EXERCISE AIM: Your answer should be an exact copy of the lines from the one holding "青春可爱的齐刘海BOB头是扮嫩的首选发型,颧骨处的发丝将脸型修饰的非常可爱。" to the end of the material below, pictures left out.

AVAILABLE DATA:
• • • •
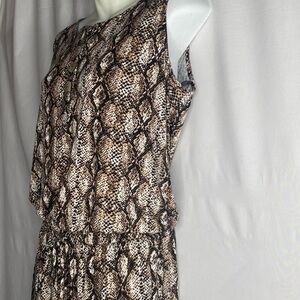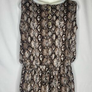 Chic jumpsuit with bold snake print. Sleeveless and stylish. Perfect for casual wear.
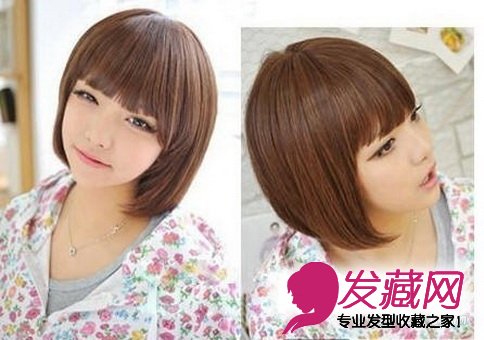 青春可爱的齐刘海BOB头是扮嫩的首选发型,颧骨处的发丝将脸型修饰的非常可爱。
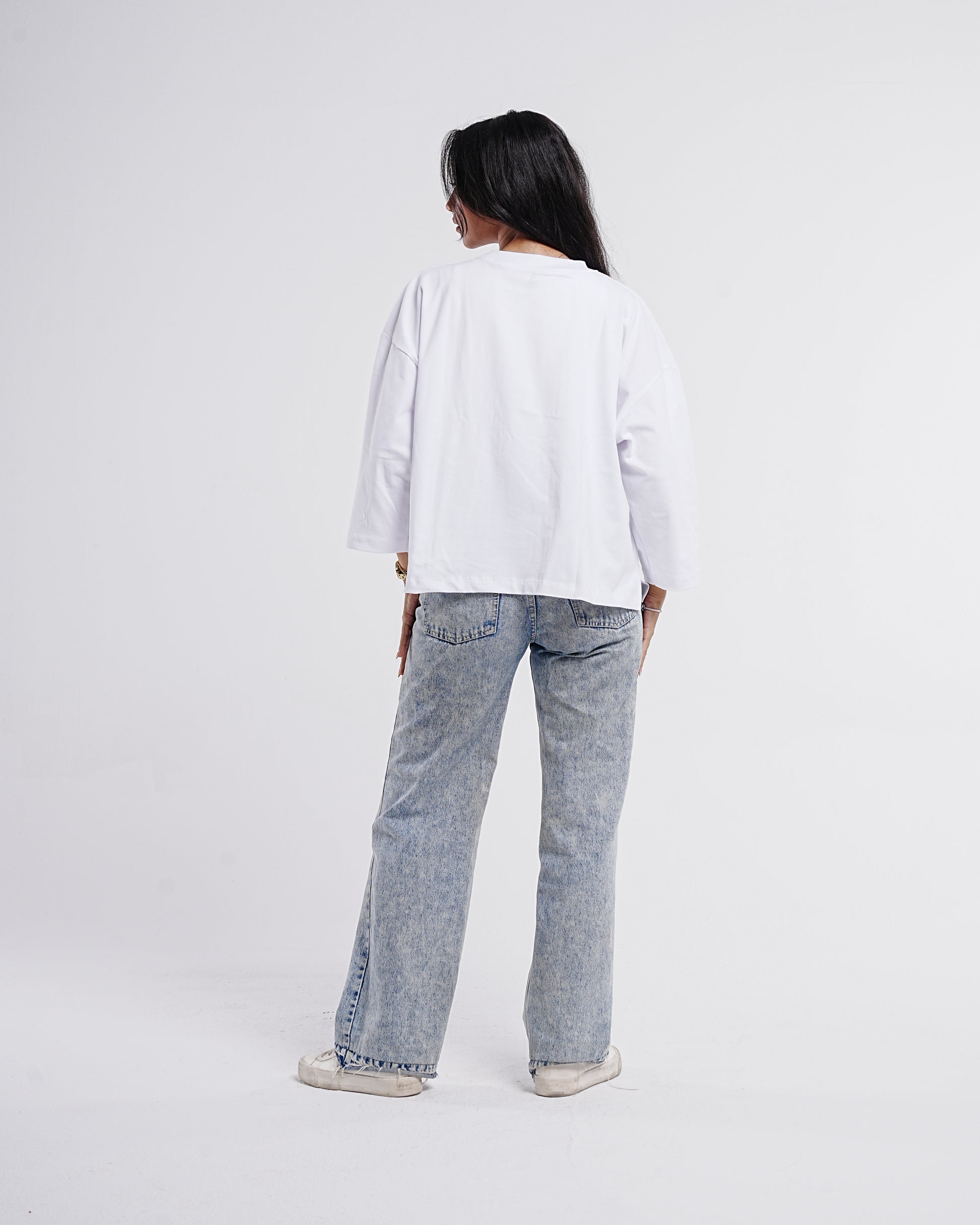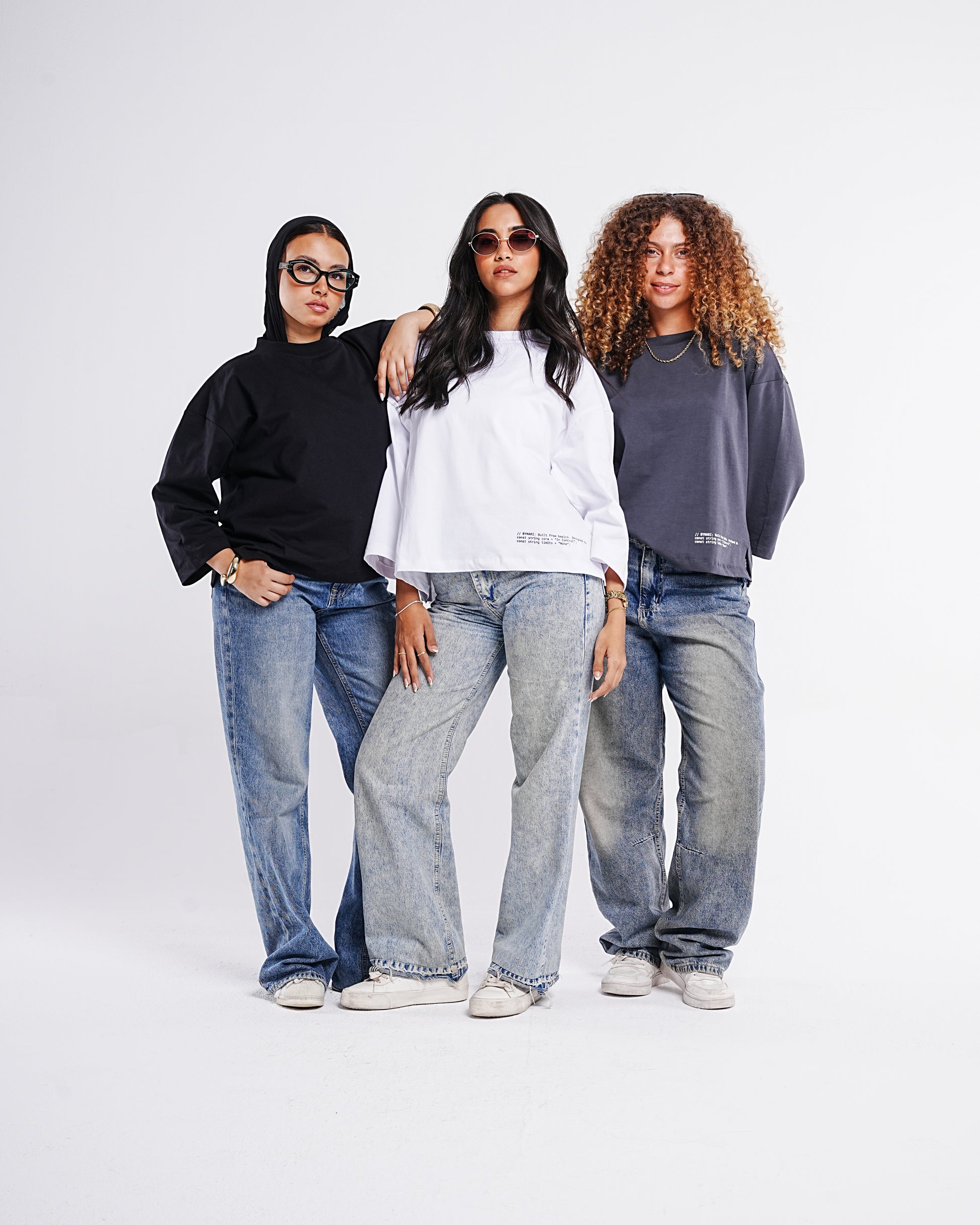 Where comfort meets statement. This boxy, cropped essential crafted from 100% cotton for a soft yet structured feel. Designed with wide sleeves and a dropped shoulder silhouette, it’s finished with a stitched quote detail that reflects the Bynari ethos: bold, minimal, and made to empower.
• • • •
WRITTEN ANSWER:
 青春可爱的齐刘海BOB头是扮嫩的首选发型,颧骨处的发丝将脸型修饰的非常可爱。
 Where comfort meets statement. This boxy, cropped essential crafted from 100% cotton for a soft yet structured feel. Designed with wide sleeves and a dropped shoulder silhouette, it’s finished with a stitched quote detail that reflects the Bynari ethos: bold, minimal, and made to empower.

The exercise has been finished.